TCS Q1 Preview: Mixed Quarter! Wage Hikes May Impact EBIT Margins; Interim Dividend Ahead, Record Date Fixed

Tata Group's flagship and India's largest IT player, Tata Consultancy Services (TCS) will be announcing its first quarterly results for FY25 on July 11. This Tata IT stock will also reward investors with an interim dividend for FY25, for which a record date has been fixed to determine eligible shareholders. TCS is expected to report a mixed quarter with revenue getting a push from strong orders, however, EBIT margins have seen to decline due to wage hikes.

Axis Securities expects TCS to report revenue growth of 1.6% QoQ, aided by deal ramp up, and longer working days. However, the brokerage expects wage hikes during the quarter to likely result in margin contraction to the tune of 107bps.

Meanwhile, JM Financial expects TCS constant currency revenue growth to be around 1.4%, with 30bps cross
currency headwind translating into 1.1% QoQ USD rev growth.

JM also said, "Wage hike is the major margin headwind for TCS. We however expect its impact to be partially offset by operational efficiencies - utilisation, pyramid etc."

Also, the brokerage believes that a one-time penalty (up to USD 194mn), due to an adverse judgement by a US district court, could impact reported earnings. However, the quantum of impact is not yet built though.

Moreover, Kotak Institutional Equities estimates include US$150 mn from the BSNL deal, marginal growth compared to the Mar-24 quarter for TCS earnings in Q1.

Kotak said, " Revenue growth would be driven by the ramp-up of strong order signings in the earlier quarters. We expect weak revenues in financial services and telecom. We forecast a 140 bps qoq decline in EBIT margins due to wage revision and likely a decline in utilization rates. We forecast a 140 bps yoy increase in EBIT margins."

Kotak also expects TCS to record US$11-12 bn of deal wins, driven by the high rate of closures of cost take-out deals. The renewal component in deals will be higher, in its view.

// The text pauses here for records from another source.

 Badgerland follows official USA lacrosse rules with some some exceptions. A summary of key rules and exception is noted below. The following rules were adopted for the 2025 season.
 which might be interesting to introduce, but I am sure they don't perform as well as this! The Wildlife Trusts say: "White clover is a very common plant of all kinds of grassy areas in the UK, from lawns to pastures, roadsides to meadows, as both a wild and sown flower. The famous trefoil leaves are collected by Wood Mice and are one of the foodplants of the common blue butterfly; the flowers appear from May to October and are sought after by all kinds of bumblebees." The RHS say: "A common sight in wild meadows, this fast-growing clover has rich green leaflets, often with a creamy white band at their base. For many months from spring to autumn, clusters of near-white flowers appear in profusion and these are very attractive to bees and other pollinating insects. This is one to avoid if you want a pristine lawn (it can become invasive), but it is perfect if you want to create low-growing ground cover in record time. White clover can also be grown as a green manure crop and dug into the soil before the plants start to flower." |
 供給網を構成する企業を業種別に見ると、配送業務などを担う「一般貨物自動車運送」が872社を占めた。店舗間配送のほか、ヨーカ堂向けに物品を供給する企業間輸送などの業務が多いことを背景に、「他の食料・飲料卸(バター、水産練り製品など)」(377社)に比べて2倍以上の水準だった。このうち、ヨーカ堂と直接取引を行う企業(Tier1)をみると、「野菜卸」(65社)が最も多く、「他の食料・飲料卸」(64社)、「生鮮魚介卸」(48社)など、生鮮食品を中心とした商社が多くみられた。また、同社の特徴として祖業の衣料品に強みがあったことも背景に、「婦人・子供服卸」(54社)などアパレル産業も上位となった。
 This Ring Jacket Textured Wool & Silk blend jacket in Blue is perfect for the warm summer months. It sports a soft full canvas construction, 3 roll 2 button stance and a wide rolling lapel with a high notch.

Furthermore, as per Kotak, the focus will be on TCS' ability to leverage its strengths in 'Run' spending and outperform on revenue growth in FY2025E. TCS also has won quite a few mega deals which can contribute ~2.5% growth in FY2025E.

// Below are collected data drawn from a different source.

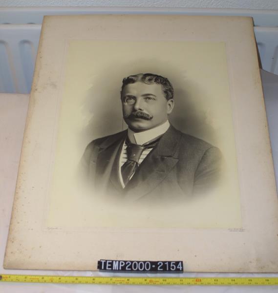 Studio portrait photograph of Sir Alfred Moloney, by Lafayette. Mounted on white card. Under the photo, in print, it says: "Lafayette LTD" and "London, Dublin, Glasgow, Manchester and Belfast". On the back, handwritten in ink it says "Sir Alfred Moloney". and "S3107 csi Lot 57".;
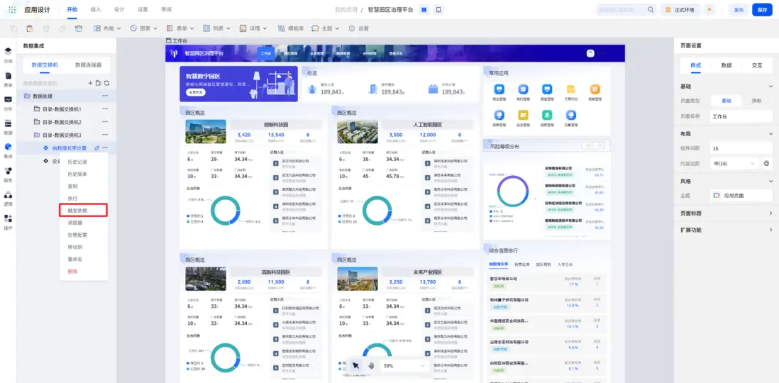 完成數據輸出後,來到智慧園區應用中,進行可視化展示。在工作台頁面的畫布列表中,綁定剛剛生成的資產表。預覽後,可以看到排行榜中直觀展示了不同園區每家企業的納税增長排名和對應的增長率。
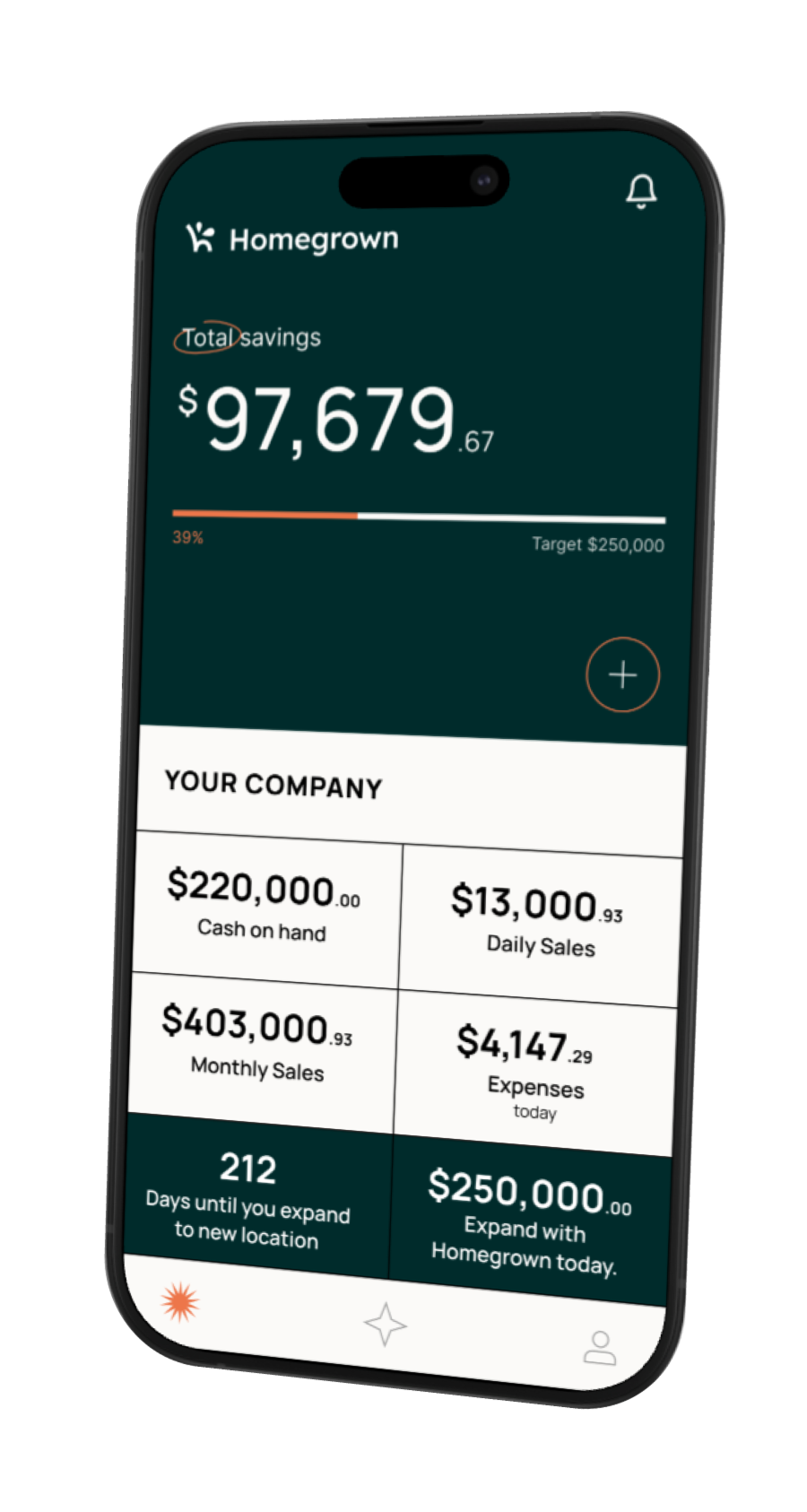 Automatically save a percentage of your daily sales and unlock expansion capital without selling your equity. You control your savings rate. No strings attached.
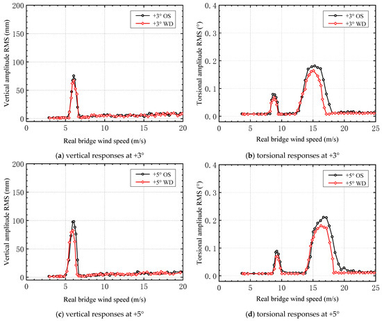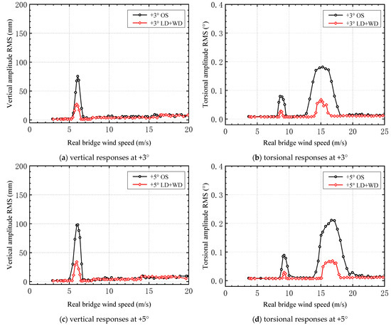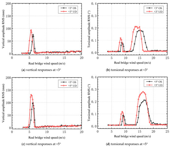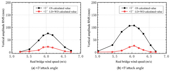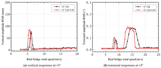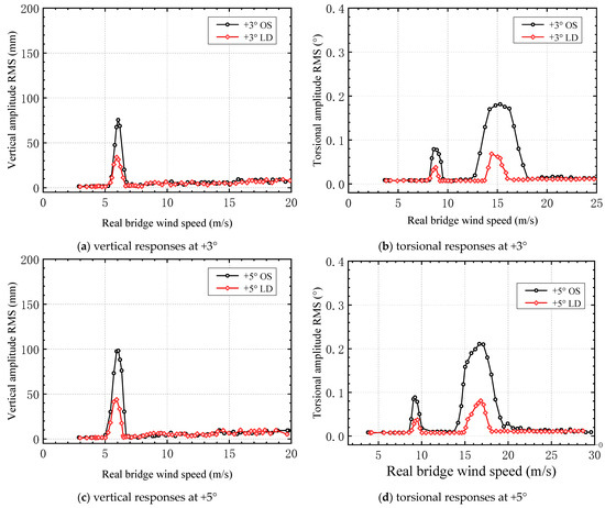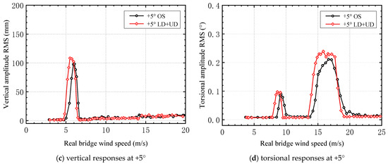 After the lower chord and upper chord deflector plates were added, the relationship between the vertical and torsional VIV amplitudes and the wind speed under attack angles of +3° and +5° was determined (Figure 16).
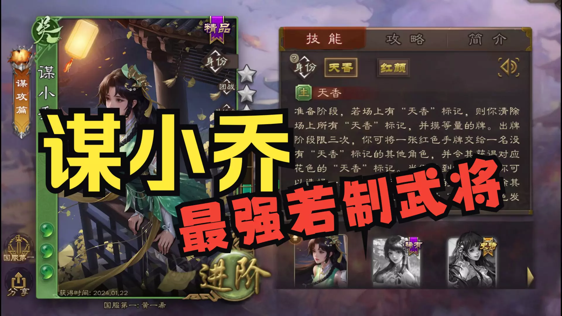 这是一则三国杀武将白话教学,讲解谋小乔的技能玩法,展示了其在排位中使用天香转移伤害、利用红颜特性等实战操作,说明谋小乔是排位里非常棘手的武将。
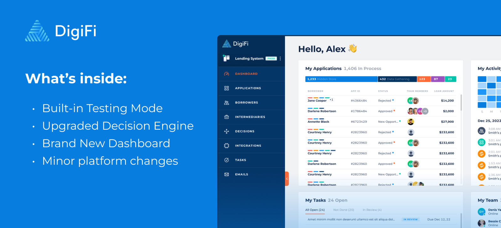 DigiFi’s lending system includes testing and production modes, tracks key configuration changes and allows you to instantly deploy changes to production with one click to ensure seamless and auditable change management.
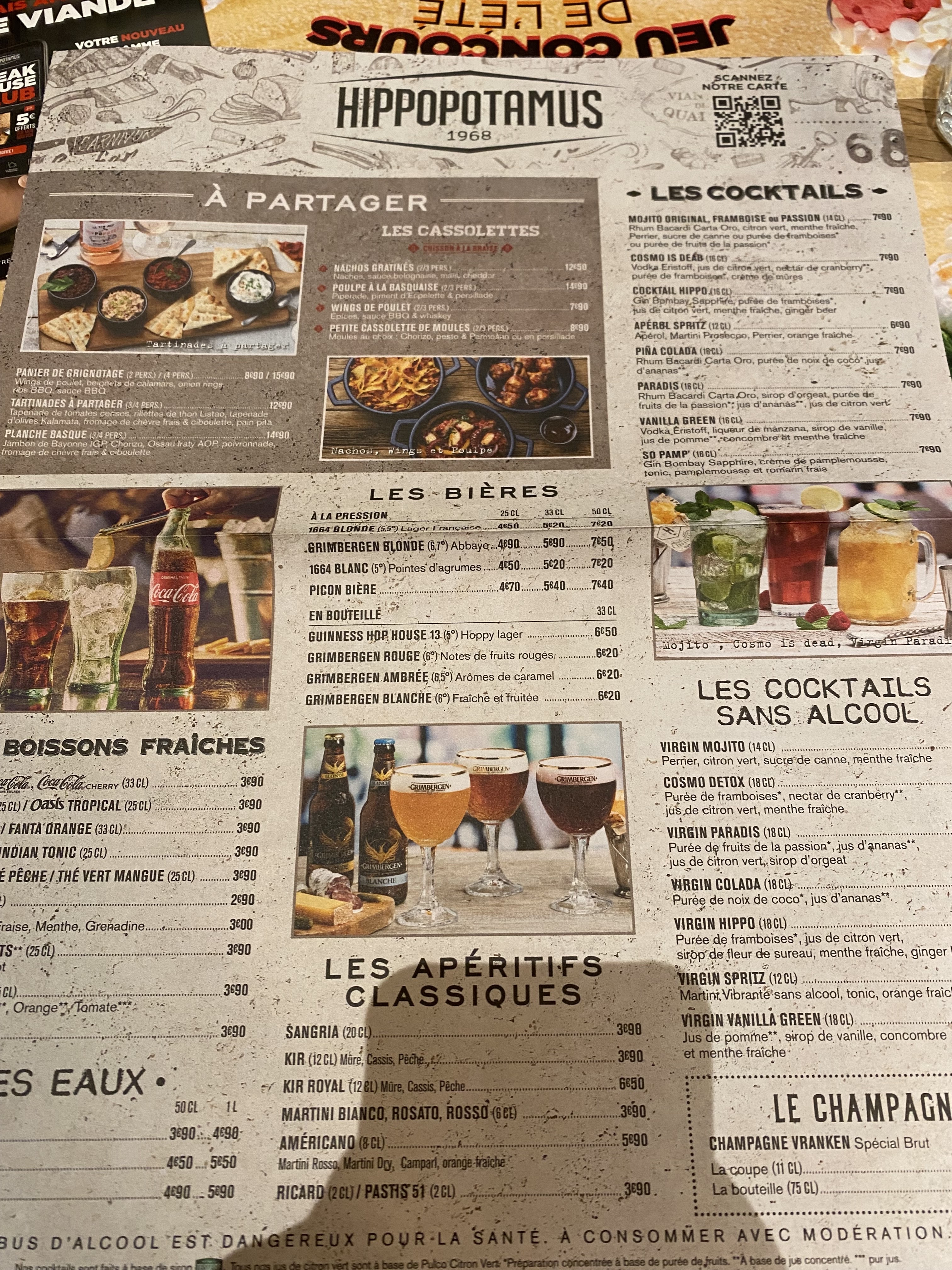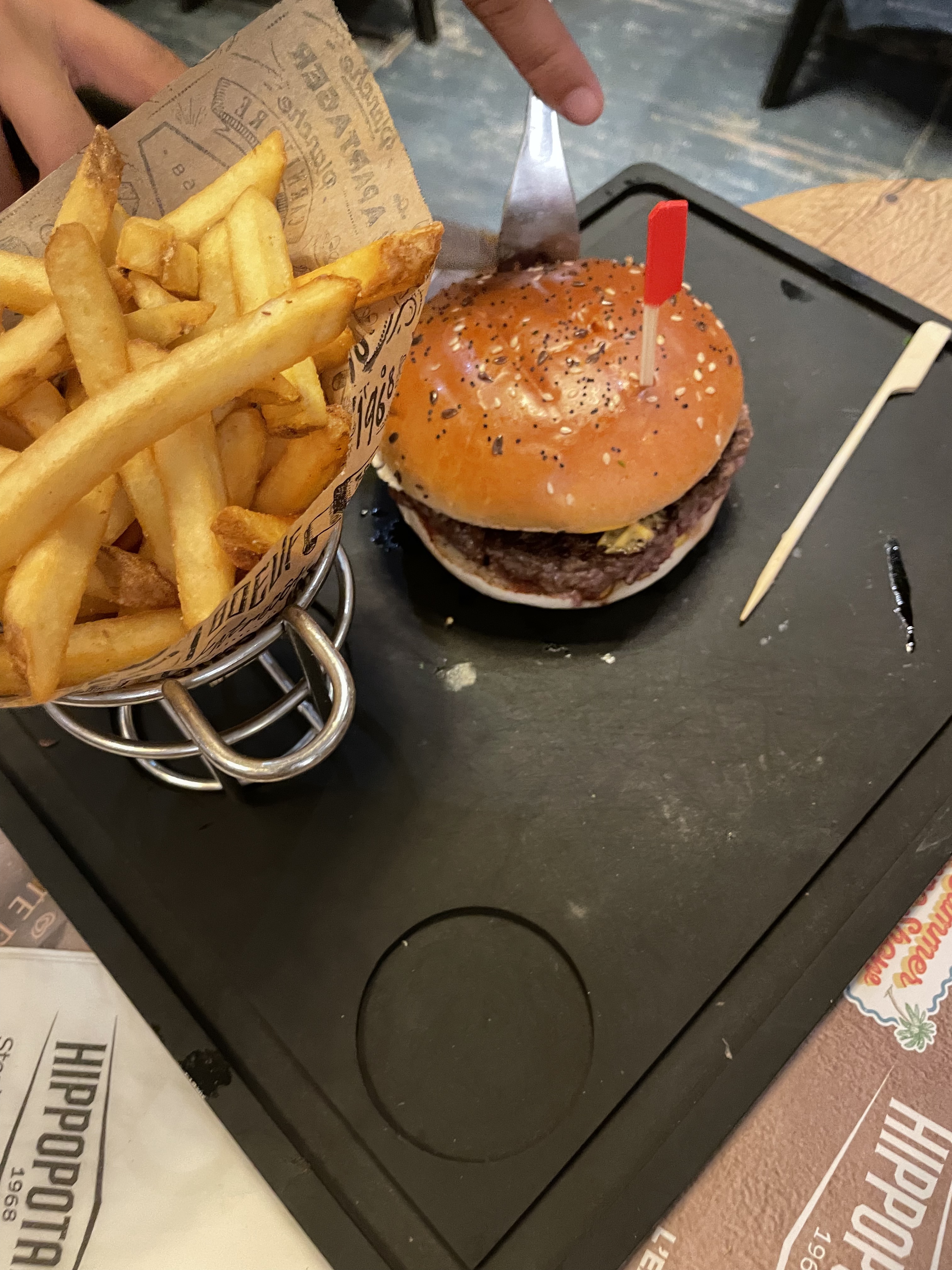 Chez Hippopotamus la viande est toujours très bonne, le carpaccio de viande est délicieux, le jarret de porc est aussi super bon et les burgers pour les enfants sont très bons, le seul problème est que parfois il y a un peu d’attente mais le personnel est quand même très sympa. Il y a des menus pour les enfants et aussi de bons plans pour les adultes.

To investors, Kotak advised to focus on -- (1) the outlook in the financial services vertical and any loss of share to insourcing at large clients, (2) the state of spending in the impacted North America market and financial services, hi-tech & telecom verticals; (3) pipeline of deals; (4) state of discretionary spending and what would it take to revive the same; (5) impact of GCC ramp-up on growth of companies; and (6) levers to defend and increase margins.

Ahead of Q1, TCS's share price on July 1oth traded at Rs 3988.60 apiece, marginally down on BSE with a market cap of Rs 14,41,934.51 crore. The stock's 52-week high and low is at Rs 4,254.45 apiece and Rs 3,250 respectively.

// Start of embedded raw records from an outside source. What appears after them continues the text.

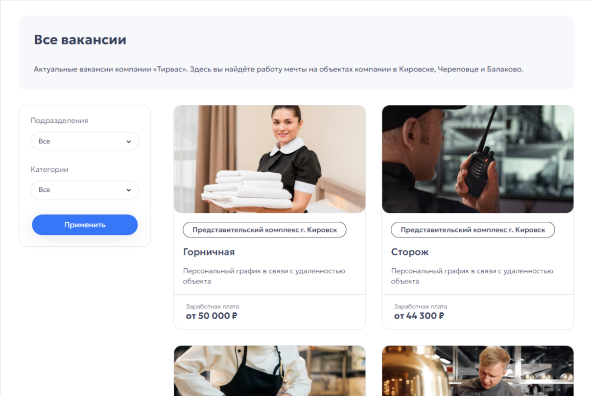 На данной странице представлен полный перечень вакансий. Кроме того, предусмотрена удобная система фильтрации по таким параметрам, как подразделение и категории, чтобы помочь пользователю сузить поиск и найти именно ту позицию, которая соответствует его интересам и квалификации.
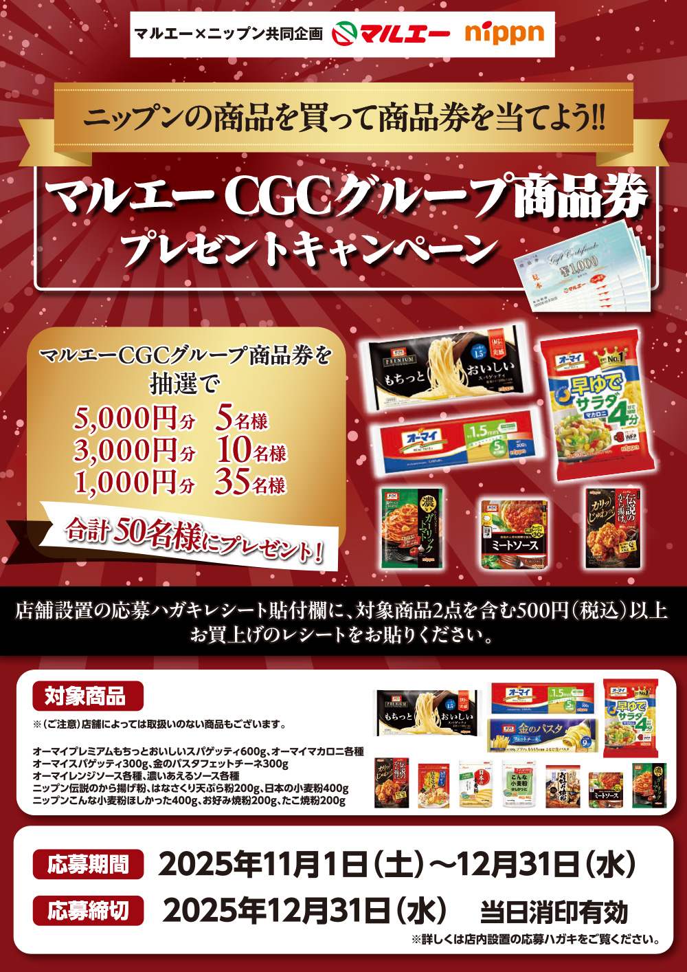 総計合計50名様にマルエーCGCグループ共通商品券が当たるキャンペーン
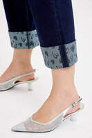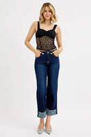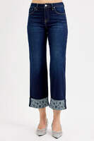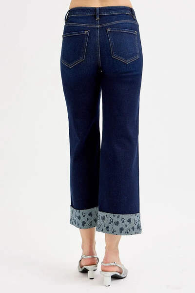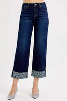 These stylish wide leg cropped jeans feature premium denim construction. The standout design element is the unique polka dot patterned cuff detail that adds a playful twist to classic denim styling. Made from quality cotton blend denim fabric, these jeans offer durability and comfort for everyday wear. The wide leg silhouette provides a relaxed, modern look while the cropped length makes them perfect for showcasing footwear. The classic five-pocket design maintains traditional jean functionality, while the contrast cuff detail sets them apart from ordinary denim. Perfect for casual outings, these jeans combine comfort, style, and unique design elements.

Apart from Q1 results on July 11, TCS' board of directors will also consider interim dividend for FY25. The company also fixed the record date.

TCS said, "The interim dividend if declared, shall be paid to the equity shareholders of the Company whose names appear on the Register of Members of the Company or in the records of the Depositories as beneficial owners of the shares as of Saturday, July 20, 2024, which is the Record Date fixed for the purpose."

During Q4FY24, TCS TCS posted a consolidated PAT of Rs 12,434 crore, attributable to owners of the company, registering a growth of 9.1% YoY. Sequentially, the growth in the bottom line came in at 12.44%. Consolidated revenue from operations stood at Rs 61,237 crore in Q4FY24, rising by 3.51% from Rs 59,162 crore in the same quarter a year ago. While revenue was up by 1.08% from Rs 60,583 crore in Q3FY24.

In constant current, revenue growth was at 2.2% year-on-year in Q4FY24. The growth was led by Indian business which registered an upside of 37.9%. In segment-wise, TCS recorded healthy growth in manufacturing at a staggering 9.7% YoY, followed by 7.3% growth in Energy, Resources and Utilities, and 1.7% growth in the Life Sciences & Healthcare business.